▶ **TASK**: Give again, exactly as written, the lines of the records below from the line with "Le beffroi, également" to the line with "This pregnancy model  shows". Both end lines count; pictures do not.

▶ **EXTRACTED ENTRIES**:
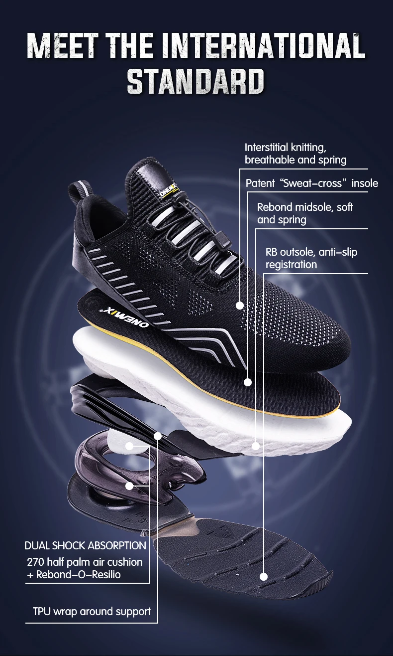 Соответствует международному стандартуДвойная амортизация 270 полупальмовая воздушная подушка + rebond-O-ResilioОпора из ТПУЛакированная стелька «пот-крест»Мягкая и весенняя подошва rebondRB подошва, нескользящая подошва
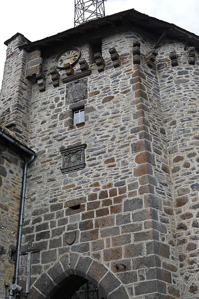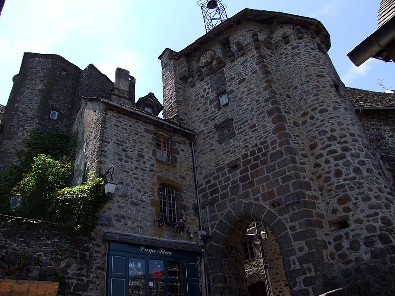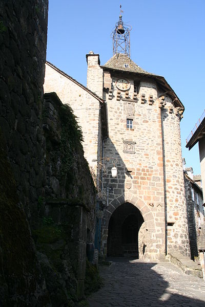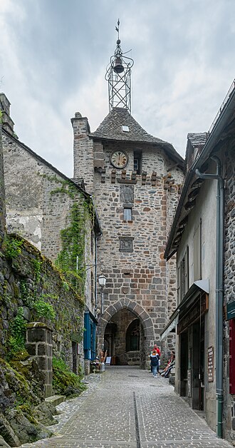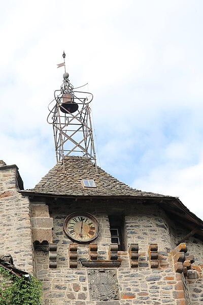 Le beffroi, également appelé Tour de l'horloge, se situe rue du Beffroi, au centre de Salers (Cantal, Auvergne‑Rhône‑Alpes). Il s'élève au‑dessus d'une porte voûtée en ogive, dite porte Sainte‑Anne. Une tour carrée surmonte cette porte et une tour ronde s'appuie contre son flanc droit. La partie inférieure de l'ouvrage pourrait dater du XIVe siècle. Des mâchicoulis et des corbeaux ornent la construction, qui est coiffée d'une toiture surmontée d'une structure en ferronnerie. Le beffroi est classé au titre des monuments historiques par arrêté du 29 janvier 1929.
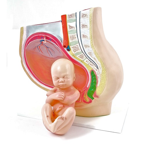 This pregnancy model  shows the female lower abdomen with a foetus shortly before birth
==
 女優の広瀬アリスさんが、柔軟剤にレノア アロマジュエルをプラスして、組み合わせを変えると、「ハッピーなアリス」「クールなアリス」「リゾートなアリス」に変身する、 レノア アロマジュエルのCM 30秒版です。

▶ **RESPONSE TO THIS TASK**:
 Le beffroi, également appelé Tour de l'horloge, se situe rue du Beffroi, au centre de Salers (Cantal, Auvergne‑Rhône‑Alpes). Il s'élève au‑dessus d'une porte voûtée en ogive, dite porte Sainte‑Anne. Une tour carrée surmonte cette porte et une tour ronde s'appuie contre son flanc droit. La partie inférieure de l'ouvrage pourrait dater du XIVe siècle. Des mâchicoulis et des corbeaux ornent la construction, qui est coiffée d'une toiture surmontée d'une structure en ferronnerie. Le beffroi est classé au titre des monuments historiques par arrêté du 29 janvier 1929.
 This pregnancy model  shows the female lower abdomen with a foetus shortly before birth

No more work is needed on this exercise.